🤖 AI Summary
This study investigates whether sharing peer experiences in multi-agent environments can surpass the limitations of isolated self-evolution. To this end, the authors propose the SAGE evaluation framework to systematically compare SocialEvo—agents with access to population-wide historical data—and SelfEvo—agents restricted to their own evolutionary trajectories—under matched computational budgets. Through coordinated co-evolution across multiple model families, controlled experiments, and trajectory abstraction techniques such as filtering and reflective summarization, the framework is evaluated across diverse tasks including machine learning research, economic planning, and adversarial games. The findings reveal that top-performing agents struggle to transcend their individual evolutionary ceilings, whereas agents stuck in performance plateaus benefit significantly from peer experiences. These gains are agent-specific and context-dependent, and abstracted shared histories consistently outperform raw logs, demonstrating generalizable improvements rather than opponent-specific adaptations.
📝 Abstract
Self-improving language agents are typically evaluated in isolation: an agent attempts a task, receives feedback, and iteratively refines its own behavior. Yet agents increasingly operate alongside peers whose strategies and outcomes are publicly visible.
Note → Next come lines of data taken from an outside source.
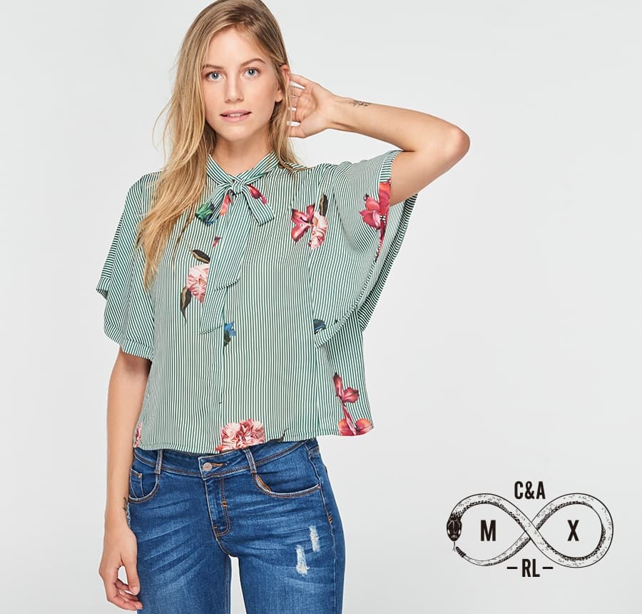Este tipo de mangas se encuentran muy en tendencia recientemente. El toque encantador de este top es la corbata de moño y la combinación entre estampado a rayas y unas flores muy folclóricas.
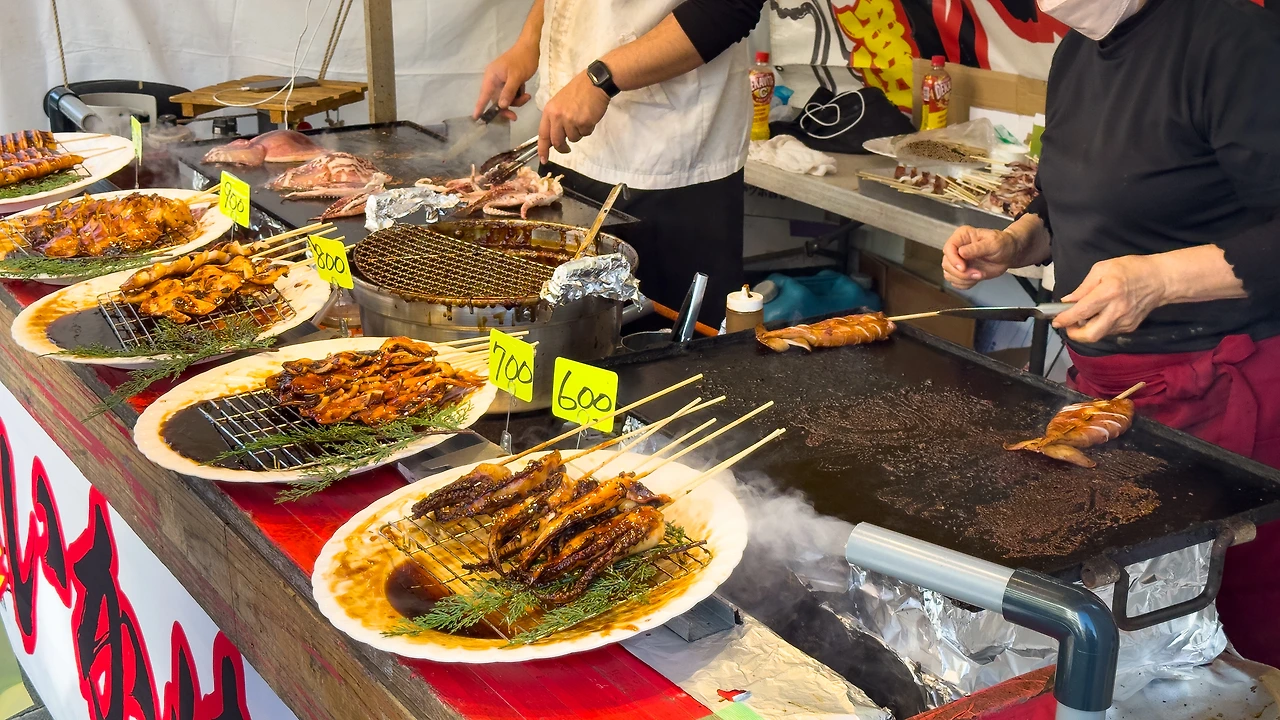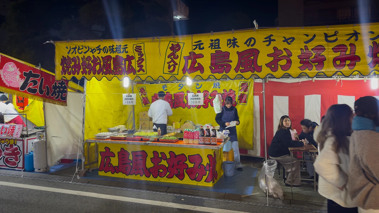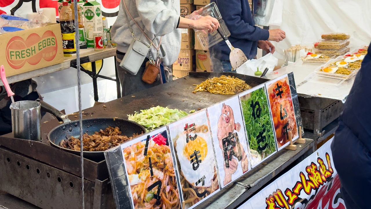 아, 저는 점심을 해결하러 나왔죠. 그래서 뭘 먹을까 여기저기 둘러보던 중 눈길을 끄는 음식은 두 가지. 하나는 야끼소바, 다른 하나는 이까야끼(오징어 구이)입니다. 하지만 이까야끼는 간식이지 점심이 될 순 없을 것 같아서 야끼소바를 하나 샀습니다.
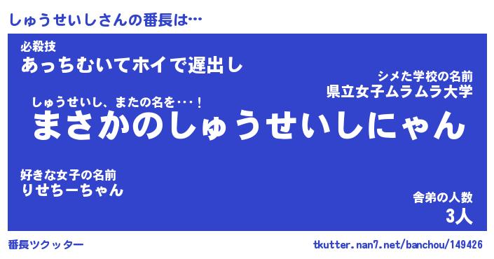| 恥ずかしいあだ名 | 『プリティーしゅうせいし』『しゅっちょ』 |
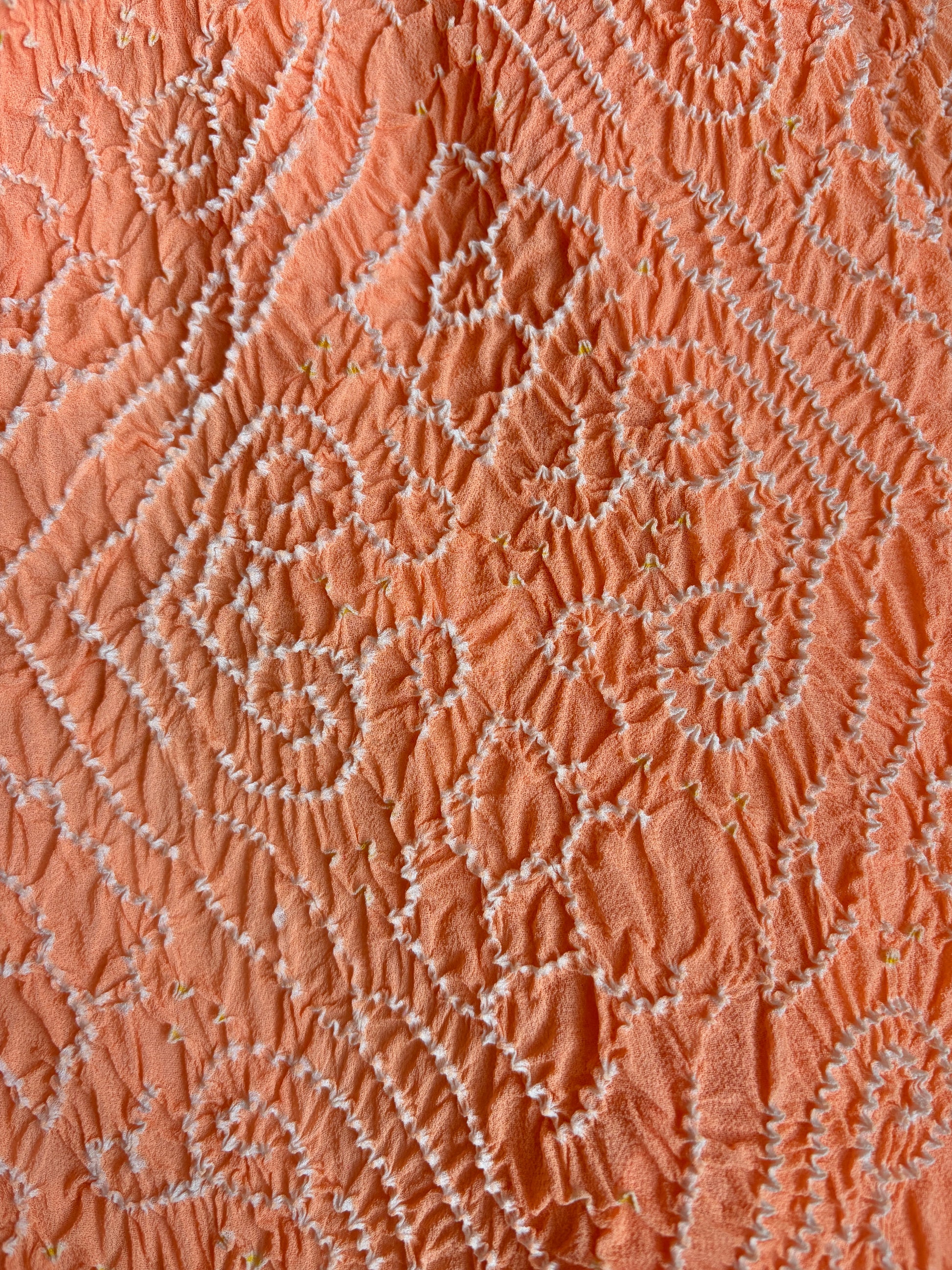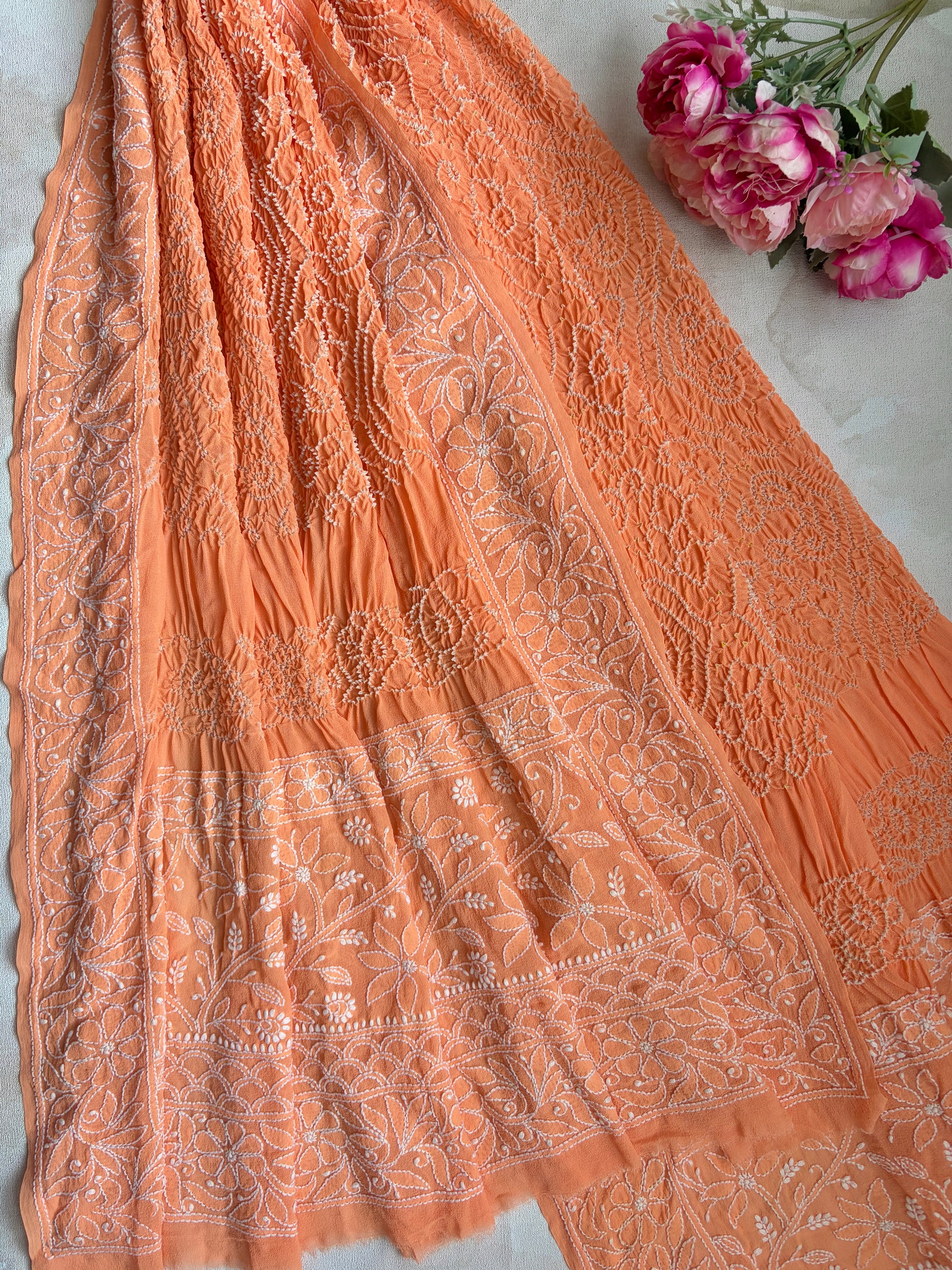 Soft, elegant, and timeless, this Georgette Peach Lucknowi Bandhej Dupatta is a beautiful expression of fine craftsmanship.

This raises an under-studied question: when does shared experience produce improvements that self-improvement alone cannot achieve? We introduce SAGE (Social Agent Group Evolution),an evaluation framework that compares two compute-matched conditions: SocialEvo, where agents from five distinct model families co-evolve with access to all peers' histories; and SelfEvo, where each agent receives the same number of task attempts but sees only its own past, which is conventional in self-improving agent studies. We instantiate SAGE in three arenas: open-ended ML research, long-horizon economic planning, and strategic multiplayer play, evaluated across multiple evolutionary rounds. We find that group history is not a universal amplifier: the strongest agent does not exceed its self-evolution ceiling. However, agents that plateau under self-improvement can achieve significant breakthroughs when peer experience is available. In competitive settings, counterfactual controls reveal that agents improve generally rather than developing opponent-specific strategies. Across different forms of shared history, filtered peer traces and reflective summaries often outperform raw logs, indicating that social gains depend on abstraction rather than exposure volume. These findings reveal that peer-history gains are agent-specific, arena-dependent, and contingent on the capacity to abstract transferable knowledge from public traces.